Discussion in 'ML-Agents' started by VladDerGauner, Jan 8, 2021.

  1. VladDerGauner

    VladDerGauner

    Joined:
    Dec 3, 2015
    Posts:
    21
    Hey everyone,

    I am trying to create an Agent that accesses the state of a forest and then decides wether to chop a tree or not. The general setup is that each tree in the forest spawns new trees with a certain probability, so over time the forest is fully stacked.

    The Agent gets as Input the number of trees in the forest and how much wood it has generated as of yet.

    It gets rewarded if it chops a tree and there are still trees remaining in the forest and it gets punished if it chops the last tree. (I also tried punishing it a little if it does not chop a tree in every step, but this yielded the same result.)

    The behaviour I expect would be: That the agent chops wood if there is more than a single tree and that it does not if there is just one tree left.

    However so far it always ends up in a policy, where it just does not want to chop at all. (Quite the druid...)

    Any suggestions on how to proceed? Or is this generally a problem that can not be solved that well by reinforcement leraning?

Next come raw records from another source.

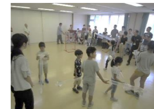
JAXAコズミックカレッジ 親子でバルーンロケットを飛ばそう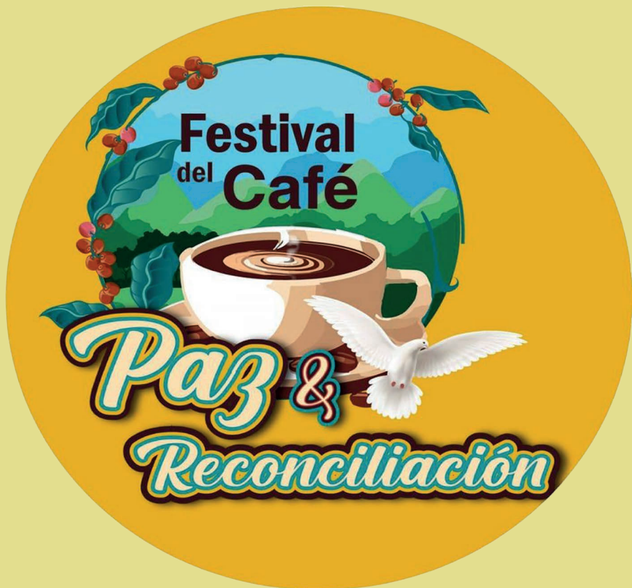
Logo oficial del Festival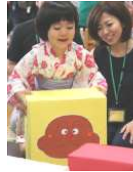
ツムツムゲーム (上)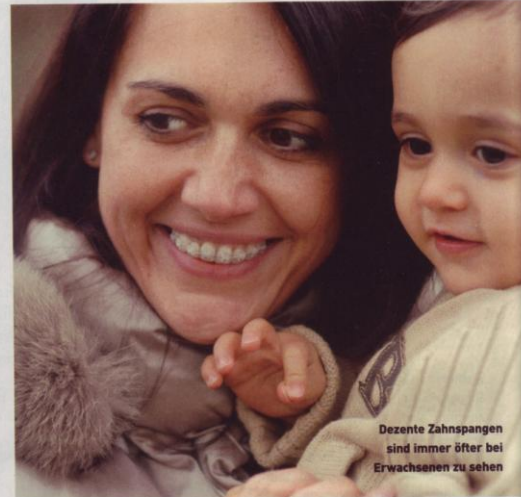
Dezente Zahnspangen sind immer öfter bei Erwachsenen zu sehen

Dabei hält ein Clip den Zahnspangen-Draht im Bracket, Ligaturen – also Gummizüge – sind nicht mehr notwendig. Die gewünschten Zahnbewegungen werden mit kleinen Kräften von etwa 50 g, geringer Friktion und weniger Behandlungsterminen mit kürzeren Intervallen erzielt. Stehen nur leichte Korrekturen der Zahnstellung an, so gibt es mit Invisalign eine Methode, die ohne Brackets auskommt und die de facto unsichtbar ist. Im Gegensatz zu festsitzenden Apparaturen mit Brackets und Drähten kann der Patient die Schiene beim Essen oder bei der Zahnpflege herausnehmen. Nach Abschluss der Therapie muss bei allen Systemen die Zahnkorrektur über einen Zeitraum von etwa einem Jahr mit sogenannten Retainern stabilisiert werden. ←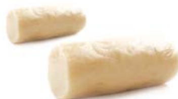
Petites buches en pâte d'amandes 250 en 500g 4100/4101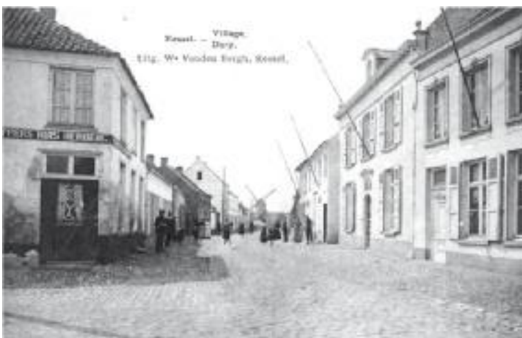
Foto boven: postkaart begin 20ste eeuw, met het Schippershuis en achteraan de molen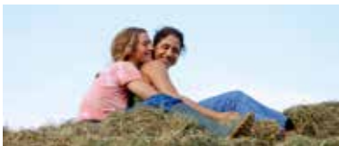
「美しい時」カトリーヌ・コルソニ(2016年配信作)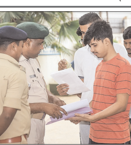
नीट परीक्षा रद्द होने पर राहुल गांधी ने की केंद्र की आलोचना नई दिल्ली। लोकसभा में विपक्ष के नेता राहुल गांधी ने नीट (यूजी) 2026 परीक्षा रद्द होने पर केंद्र सरकार की तीखी आलोचना की और कहा कि 22 लाख से अधिक छात्रों को मेहनत पर सरकार ने पानी फेर दिया है। राहुल गांधी ने सोशल मीडिया पर जारी बयान में कहा कि किसी पिता ने बच्चों की पढ़ाई के लिए कर्ज लिया, किसी मां ने गहने बेचे और लाखों छात्रों ने रात-रात भर जागरण तैयारी की, लेकिन बदले में उन्हें पेपर लीक, सरकारी लापरवाही और शिक्षा में संगठित भ्रष्टाचार मिला। यह सिर्फ नकामी नहीं, बल्कि युवाओं के भविष्य के साथ खिलवाड़ है।

तीन मई को हुई थी नीट यूजी परीक्षा, मामले की जांच अब सीबीआई करेगी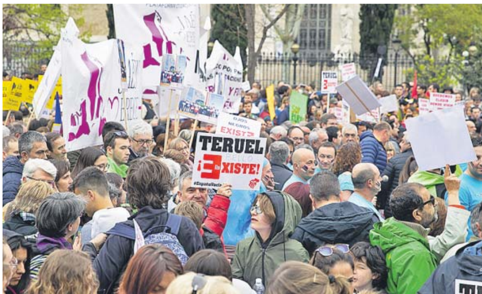
Un momento de la manifestación de la «España vaciada» celebrada en Madrid. ELENA BUENAVISTA

Mejorar el acceso a servicios básicos; políticas de empleo, sobre todo para jóvenes y mujeres, o modernizar las comunicaciones, entre las medidas más urgentes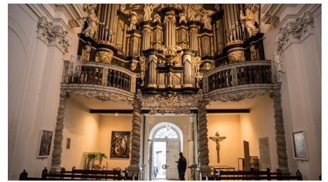
Barockorgel in der Klosterkirche Ringelheim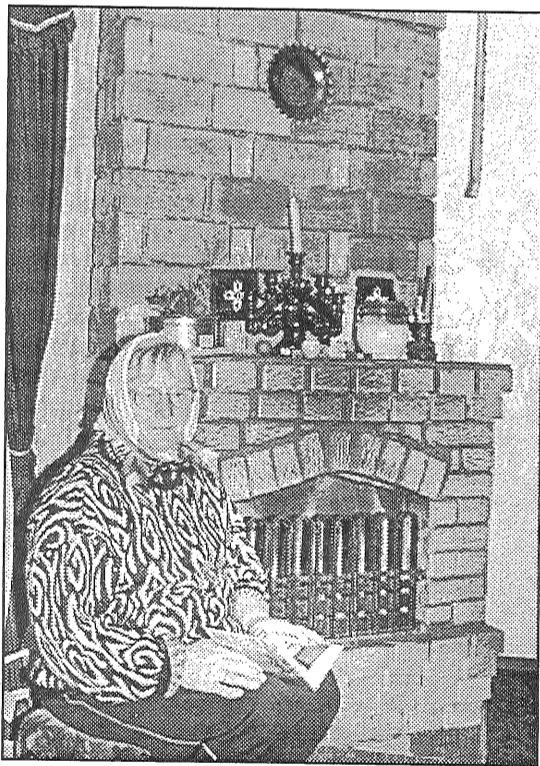
● Saimniecei patīk atpūsties pie kamīna.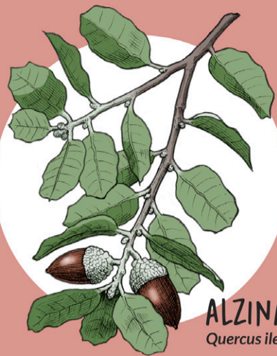
ALZINA Quercus ilex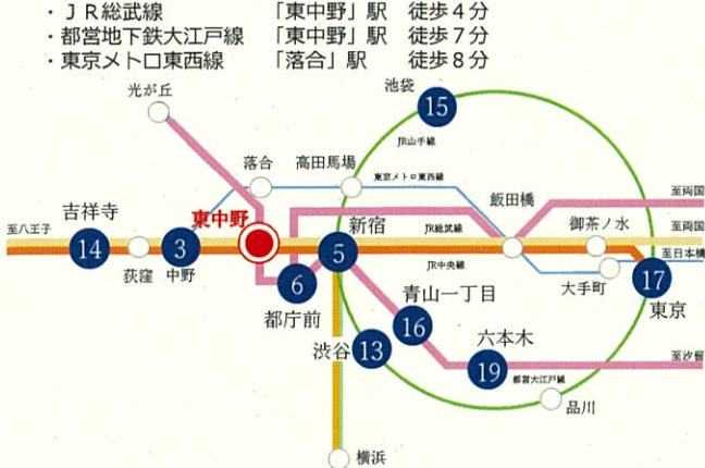
▲東中野駅から首都圏の主要駅までの交通アクセス図 ※3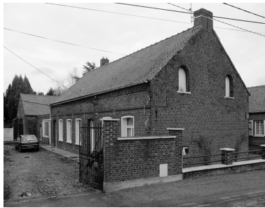
Vue générale du logis depuis la rue. IVR31_20055900021X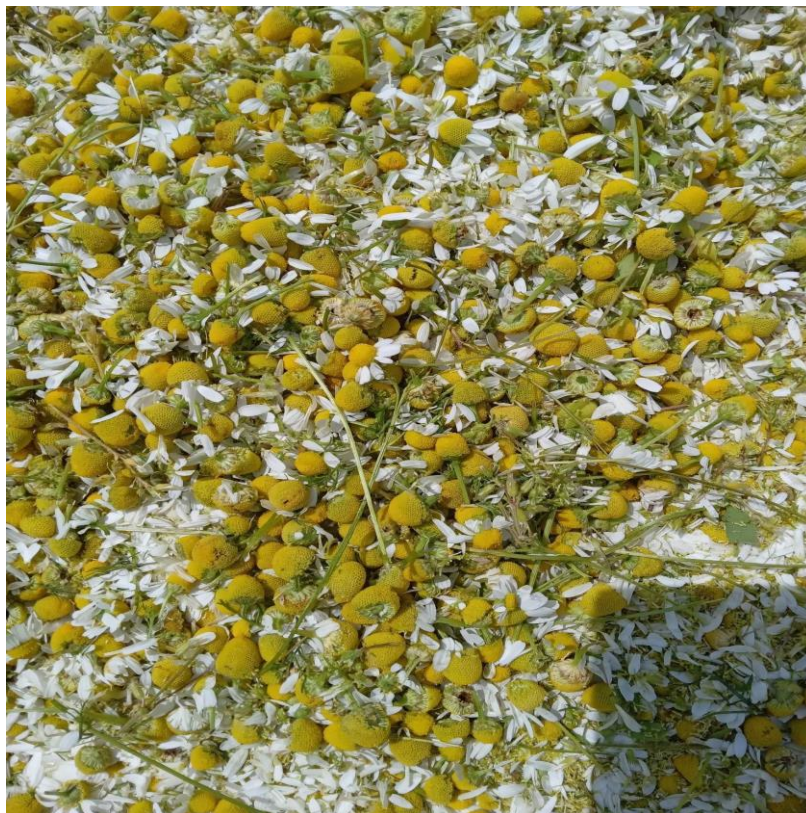
Slika 1. Kamilica

Češće kupanje može pomoći u ublažavanju znojenja nogu ili ruku, stoga je važno održavati redovita namakanja (Dohranović i sur., 2012.).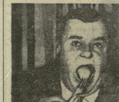
съел 24 вот такие огромные миски вареного картофеля.

Спектакль «Отелло», ОБЪЯВЛЕННЫЙ на 26 февраля для 3-го абонемена, ПЕРЕНЕСЕН. О дне спектакля будет объявлено особо.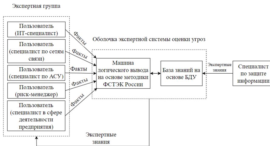
Рис. 3. Структура ЭС оценки угроз безопасности информации

где i – индекс, соответствующий одной из 222 угроз безопасности информации в БДУ ФСТЭК России; Ai – актуальность i -й угрозы; Vi – негативные последствия, связанные с ущербом от i -й угрозы; Oi – объект воздействия i -й угрозы; Hi – нарушитель (источник i -й угрозы); Ci – способ реализации i -й угрозы [4].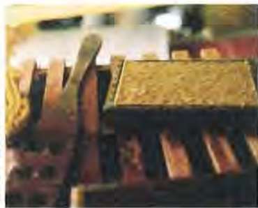
STEFANO VLAH - GAZZETTA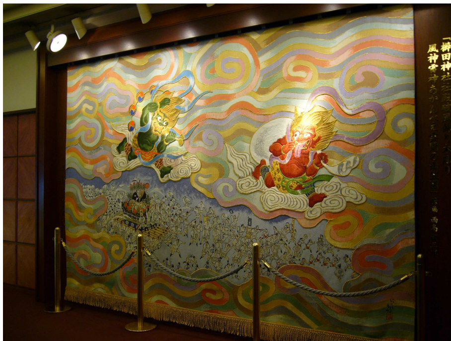
博多座劇場之入口前之織錦繡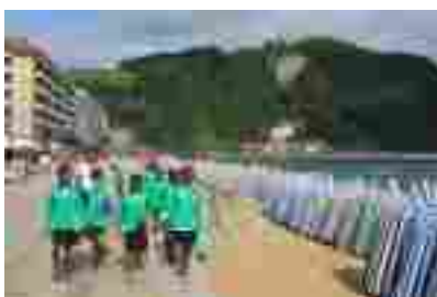
Visita a Zarauz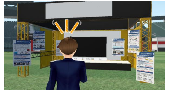
来場者アバターの目線のイメージ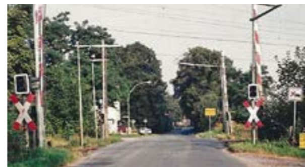
So sah der ehemalige beschränkte Bahnübergang aus Richtung Ahnebergen aus.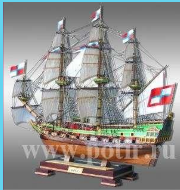
Макет корабля «Орёл»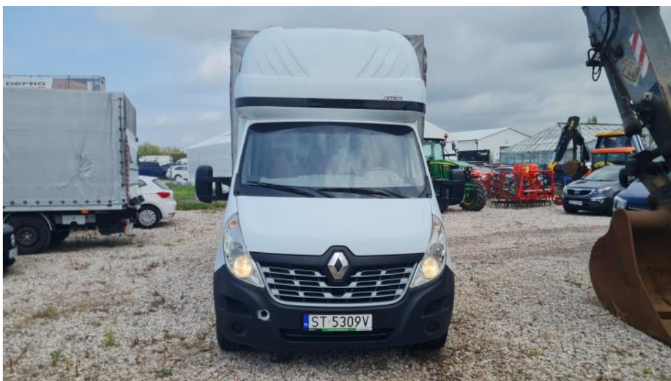
Fot. 2. Przód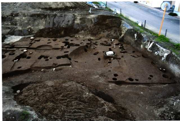
町屋跡 (第2面：南から)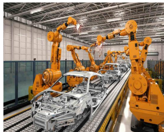
Figura 1 Fuente The Economist Intelligence Unit Figura 2 Robots industriales Fuente: Festo

Uno de los programas de estudio de Ingeniería que más aceptación tiene en México, es la Ingeniería Industrial desde su registro en 1960, y de acuerdo al reporte de Alianza Fidem A.C. en 2018, se matricularon 230,220 estudiantes, siendo el programa académico de Ingenierías con mayor población estudiantil y con mayor crecimiento que se imparten en el país, de acuerdo con la Asociación Nacional de Facultades y Escuelas de Ingeniería (ANFEI 2019), lo que representa para las Instituciones de Educación Superior (IES) un reto en cuanto a la actualización y la pertinencia de los planes de estudio (CACEI 2018), por ello se considera que asignaturas como automatización, robótica y materias relacionadas, debieran tener mayor presencia en el mapa curricular del plan de estudios de ésta carrera.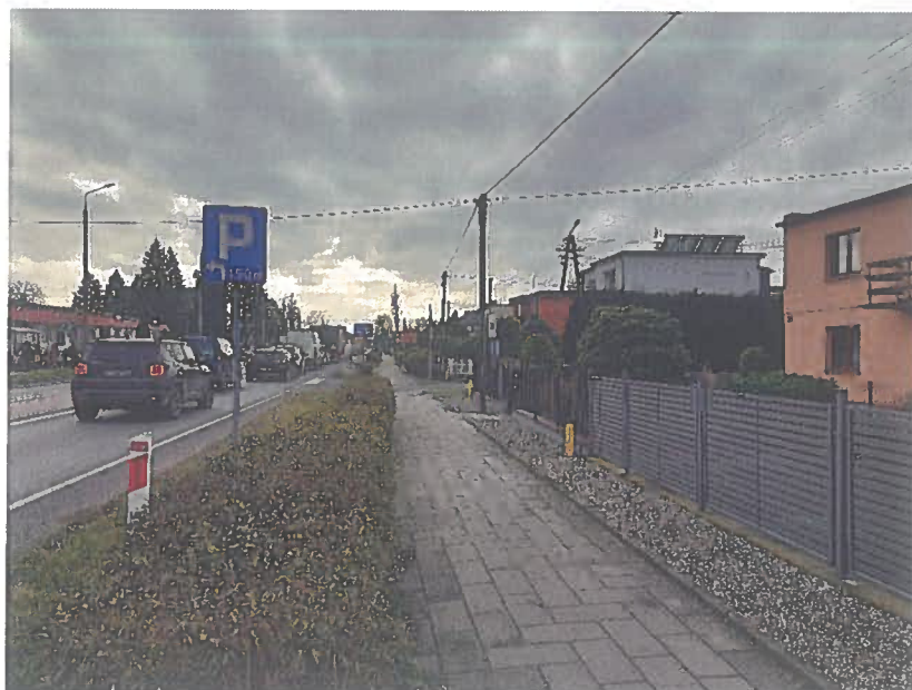
Fot.6. DK 25 km 167+000 str. P kierunek Inowrocław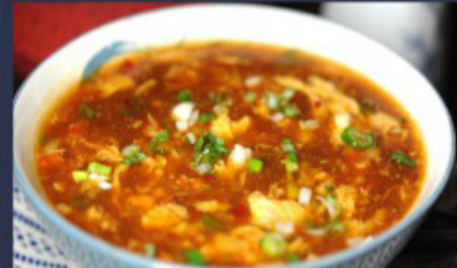
20 酸辣汤 ----- 8 Hot and sour soup Soupe aigre et piquante with Chicken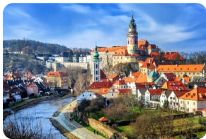
CK小镇--中世纪童话小镇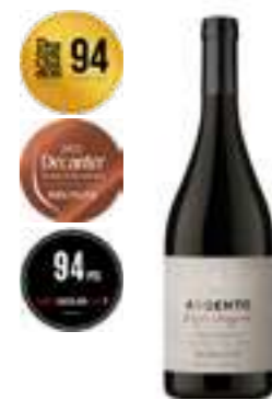
פינקה אגרלו מלבק

תכולה: 750 מ"ל ברקוד: 7798130463507 גורם כפל: 6

    Also here is my config file:
    Code (Boo):
    1. behaviors:
    2.   Chopper:
    3.     trainer_type: ppo
    4.     hyperparameters:
    5.       batch_size: 10
    6.       buffer_size: 100
    7.       learning_rate: 3.0e-4
    8.       beta: 5.0e-4
    9.       epsilon: 0.2
    10.       lambd: 0.99
    11.       num_epoch: 3
    12.       learning_rate_schedule: linear
    13.     network_settings:
    14.       normalize: false
    15.       hidden_units: 128
    16.       num_layers: 3
    17.     reward_signals:
    18.       extrinsic:
    19.         gamma: 0.99
    20.         strength: 1.0
    21.       curiosity:
    22.         strength: 0.02
    23.         gamma: 0.99
    24.         encoding_size: 256
    25.         learning_rate: 3.0e-4
    26.  
    27.     max_steps: 100000
    28.     time_horizon: 1000
    29.     summary_freq: 1000
    30.     threaded: true

    Any help is greatly appreciated!

    Cheers
     
  2. seyyedmahdi69

    seyyedmahdi69

    Joined:
    Dec 2, 2020
    Posts:
    25
    Hi. In my humble opinion, this is definitely a simple enough problem for the agent to be able to solve. However the situation is still a little vague. Could you please elaborate a little? What kind of observations are you providing the agent with? Are you sure that the agent is exposed to the objects it needs to interact with? Also what are the measurements for the reward system?
     
  3. VladDerGauner

    VladDerGauner

    Joined:
    Dec 3, 2015
    Posts:
    21
    Hi!
    Sorry for my lage respone.

    Sensordata:
    - number of trees in the forest
    - average age of the trees (0 - 100)
    - amount of wood in storage

    Actions:
    - Chop a tree (The oldest tree is picked automatically)
    - Don't chop

    Rewards:
    - If a tree is chopped get age/100 as reward (This means if an old tree is chopped it gets a reward of almost 1)
    - If the last tree is chopped get a reward of -1
     
  4. seyyedmahdi69

    seyyedmahdi69

    Joined:
    Dec 2, 2020
    Posts:
    25
    Based on your Sensor data, I am still unclear as to whether or not the agent has any idea that the forest even exists at a certain location. if possible, can you share your project so I can take a look?
     
  5. VladDerGauner

    VladDerGauner

    Joined:
    Dec 3, 2015
    Posts:
    21
    No the agent is no physical entity. Its an abstract "decision maker". At least that is what I want it to be. Yep will share! Just need to get home.